── Data to process

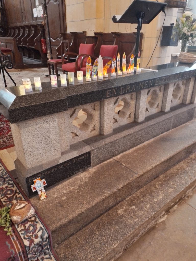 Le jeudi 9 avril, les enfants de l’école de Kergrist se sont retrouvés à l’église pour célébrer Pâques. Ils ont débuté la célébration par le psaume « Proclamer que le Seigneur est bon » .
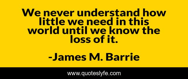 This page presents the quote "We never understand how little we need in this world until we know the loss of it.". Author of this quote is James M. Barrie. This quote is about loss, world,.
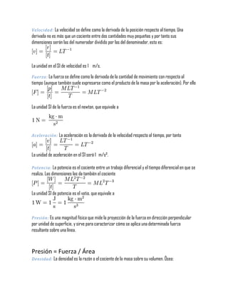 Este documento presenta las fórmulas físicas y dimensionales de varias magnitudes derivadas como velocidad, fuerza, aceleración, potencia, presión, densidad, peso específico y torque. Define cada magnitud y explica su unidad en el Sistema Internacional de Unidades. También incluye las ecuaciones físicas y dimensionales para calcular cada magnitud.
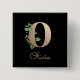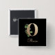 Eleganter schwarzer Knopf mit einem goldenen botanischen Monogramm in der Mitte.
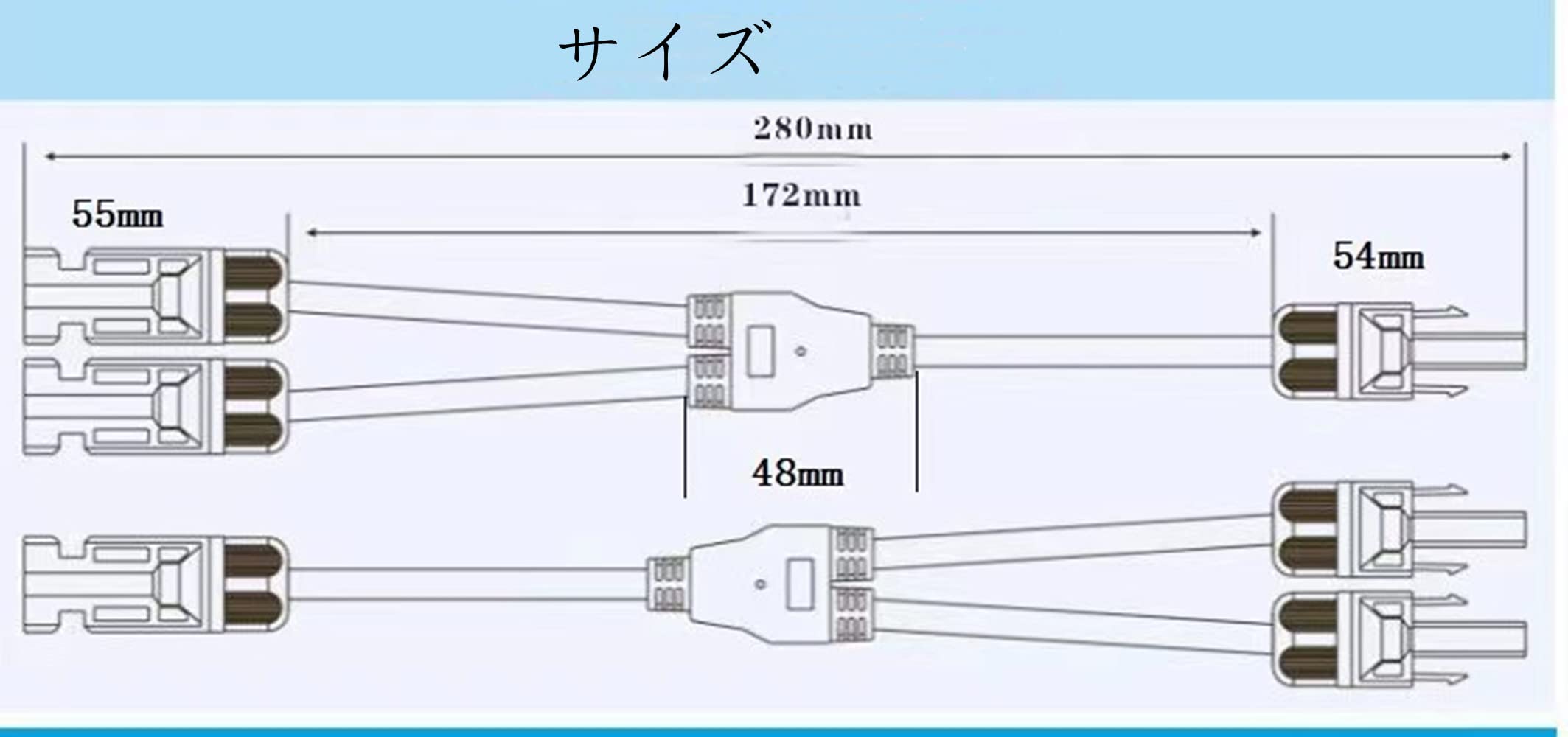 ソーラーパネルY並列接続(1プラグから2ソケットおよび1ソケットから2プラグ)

────

Omitting all pictures, restate word for word the lines from the one containing "Eleganter schwarzer Knopf" through the last line of the data.

 Eleganter schwarzer Knopf mit einem goldenen botanischen Monogramm in der Mitte.
 ソーラーパネルY並列接続(1プラグから2ソケットおよび1ソケットから2プラグ)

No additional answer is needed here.